Four episodes of cellular rejection occurred within 1 year after transplantation. Sequential transbronchial lung biopsies indicated two sarcoidosis relapses with intraparenchymatous granulomas, 1 (2017) and 5 (2021) years after transplantation, during prednisone 10 mg·day⁻¹ and tacrolimus therapy, respectively, prompting a switch from tacrolimus to everolimus.

The findings in our patient are reminiscent of previous reports of intimal or mural granulomatous arteritis and phlebitis [2, 7, 8]. The granulomas confined to the vessel walls at a distance from peripheral granulomas and the subendothelial intimal granulomas strongly support a non-classical pattern of vasculitis coexisting with, and independent from, the classical spread of perivascular granulomas through the vessel wall, in keeping with the suggestion nearly 50 years ago by Rosen et al. [7]. Moreover, as illustrated in figure 1j, marked intimal infiltration by macrophages and monocytes, often combined with lymphocytes, was observed at a distance from the granulomas, with cells seen to cross the endothelial layer. This infiltration, together with the formation of unorganised intimal granulomas, might be a first step in the development of vasculitis pathology. Moreover, injury to small lung vessels at a distance from, or in the absence of, granulomas has been documented in patients with sarcoidosis, including at the ultrastructural level [9]. Inflammatory vasculitis distinct from, but synchronous with, granulomas has been described within sarcoid skin lesions [10]. These data support the hypothesis of inflammatory luminal vasculitis as an alternative pattern of sarcoid angiitis, at least at some point in the course of the disease.

Why this pattern is no longer described in recent work on vascular involvement in pulmonary sarcoidosis deserves discussion. Conceivably, it may be transient, being present only at the initial or florid phase of sarcoidosis. Our patient had recent-onset sarcoidosis with widespread, florid, nonfibrotic granulomas, and the transplantation may have allowed detection of the early steps of sarcoid vasculitis. In keeping with this possibility, between 1976 and 1992, when descriptions of this pattern were published, surgical lung biopsies were widely performed for the diagnosis of interstitial lung diseases, including sarcoidosis [2, 7, 8].

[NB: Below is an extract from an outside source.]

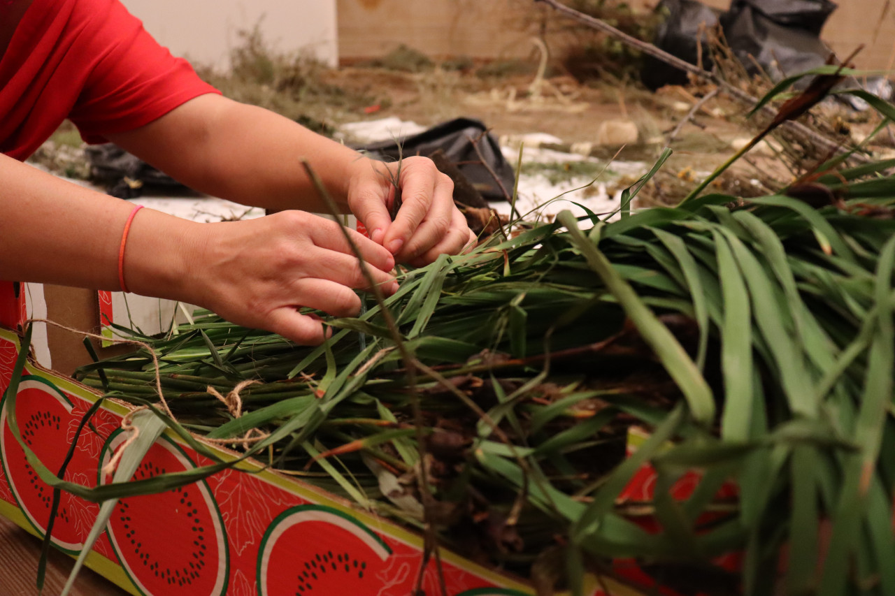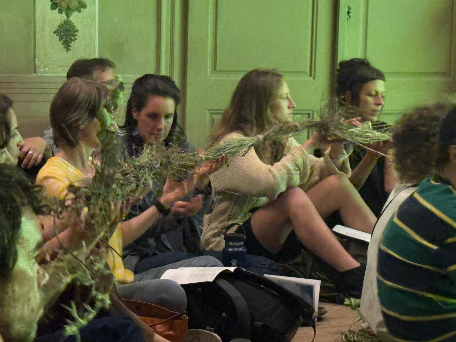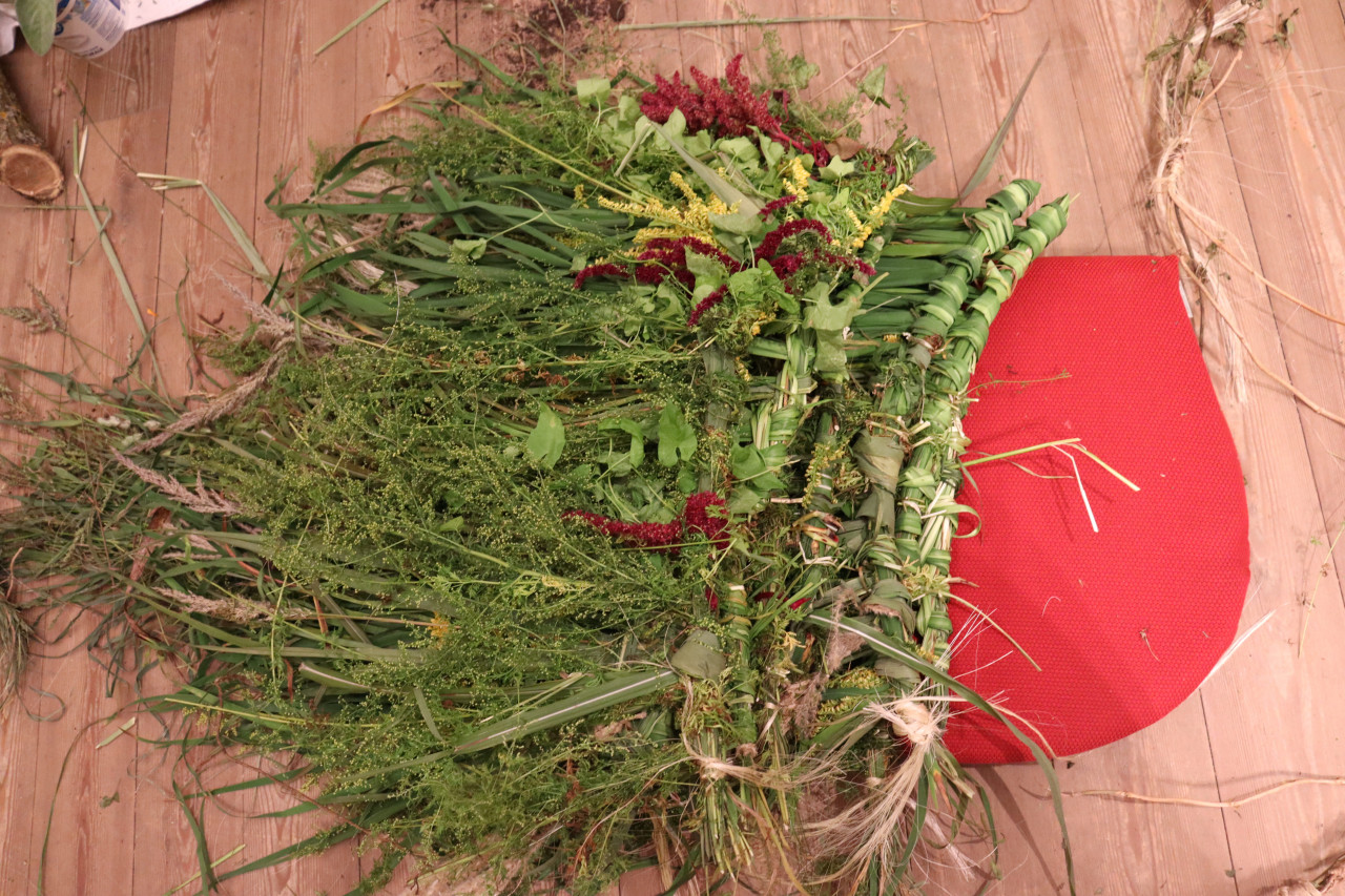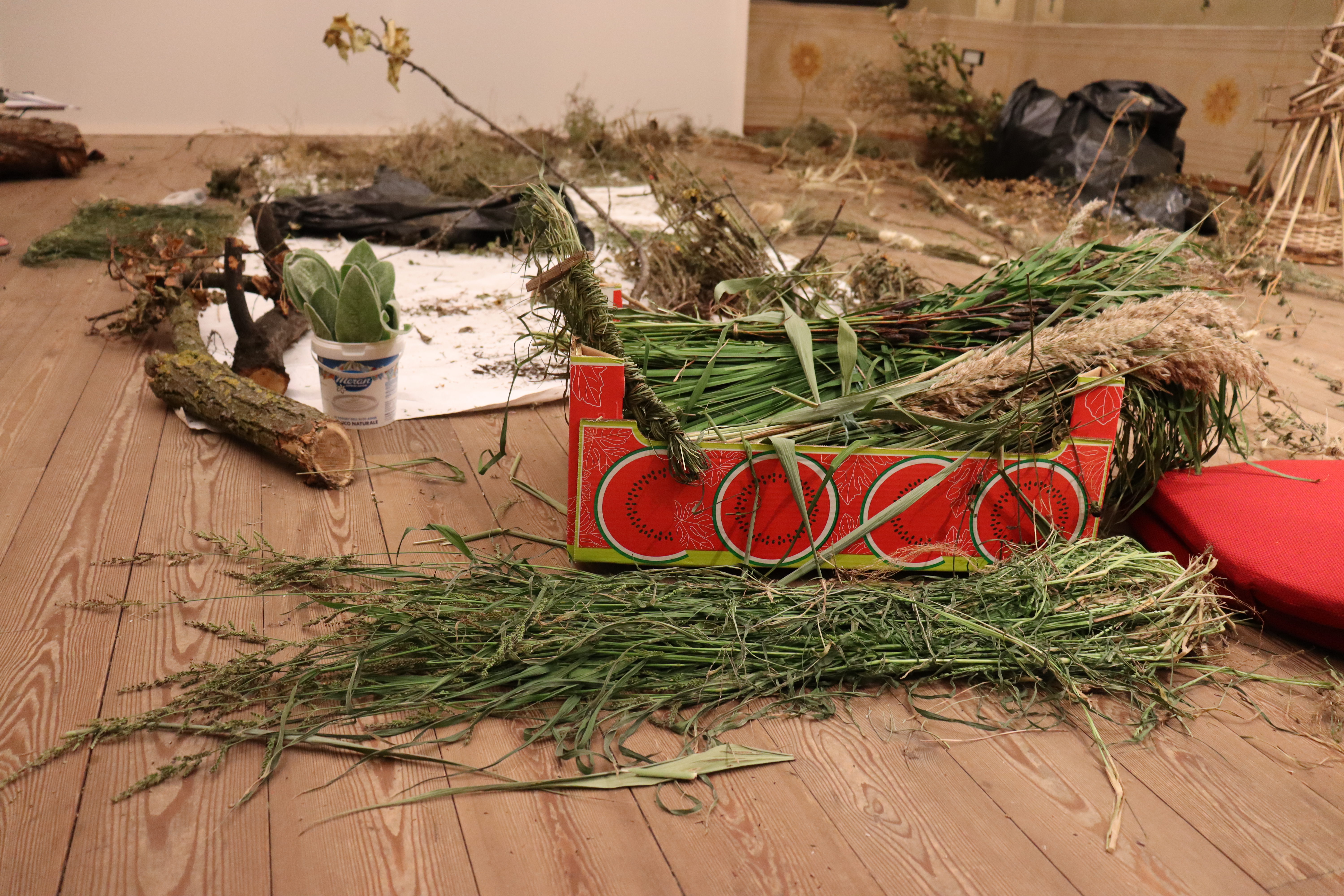 Gelis arbeitete mit den Stadtgärtner*innen Anni Schwarz und Stefan Dosser zusammen, welche ihr umfangreiche Einblicke in die Gärten von Meran ermöglichten. Aus diesen Gärten durfte sie Pflanzen als Material für ihre Skulpturen sammeln, die sie in der Performance einsetzte. Dabei fertigte sie geflochtene Matten aus Kräutern an, auf welche sich die Teilnehmer*innen der Performance setzten. Sie flocht lange Bänder aus Kräutern, die als Erweiterung der Pflanzen in Form von symbolischen Wurzeln galten, welche die pflanzliche und gesellschaftliche Landschaft Südtirols verbanden. Ihnen wurde damit ermöglicht, über die Erfahrung des Sehens und Hörens zusätzlich noch die Erfahrung des Fühlens und Riechens zu erleben. Darüber hinaus setzte Alexandra Gelis ein Lesegerät ein, welches sie über die Bilder des Videos hielt und zuvor aufgenommene Stimmen von italienisch-, deutsch- und ladinischsprachigen Südtiroler*innen wiedergab. Sie erzählten von den mundartlichen Bezeichnungen der Pflanzen und ihrer Beziehung mit ihnen. Technologie, organisches Material und Gemeinschaft traten so in Bewegung und Symbiose miteinander und formten einen Chorus. -

The role for cellular and humoral immunity in pulmonary hypertension, including the idiopathic form, is a focus of growing attention [11]. The part played by monocytes and macrophages is of special interest. The vascular inflammation chiefly mediated by macrophages and lymphocytes in this non-classical pattern of sarcoid vasculitis may be pivotal in the development of pulmonary hypertension in sarcoidosis and may explain, at least in part, some of the pathological features, such as septal fibrosis, responsible for vein occlusion even in the absence of local fresh granulomas or granuloma ghosts.

The spread of intimal subendothelial granulomas in contact with endothelial cells suggests an immune conflict at the blood–vessel interface. In the late 1970s, several studies identified circulating immune complexes in patients with sarcoidosis, notably at the florid phase [12, 13]. The possible involvement in sarcoidosis of autoimmunity with autoantibody production is being actively investigated [14]. Although pulmonary sarcoidosis may be chiefly related to airborne triggers or antigens, bloodborne humoral or cellular autoimmune factors targeting structural lung components may also be involved, as suggested by the rapid recurrence of this systemic disease in our patient.

In conclusion, the replication of older findings in our patient may suggest new avenues of research into the various pulmonary hypertension patterns associated with sarcoidosis and, more specifically, may point to hypotheses for explaining the presence of pulmonary hypertension despite limited pulmonary involvement [4, 15].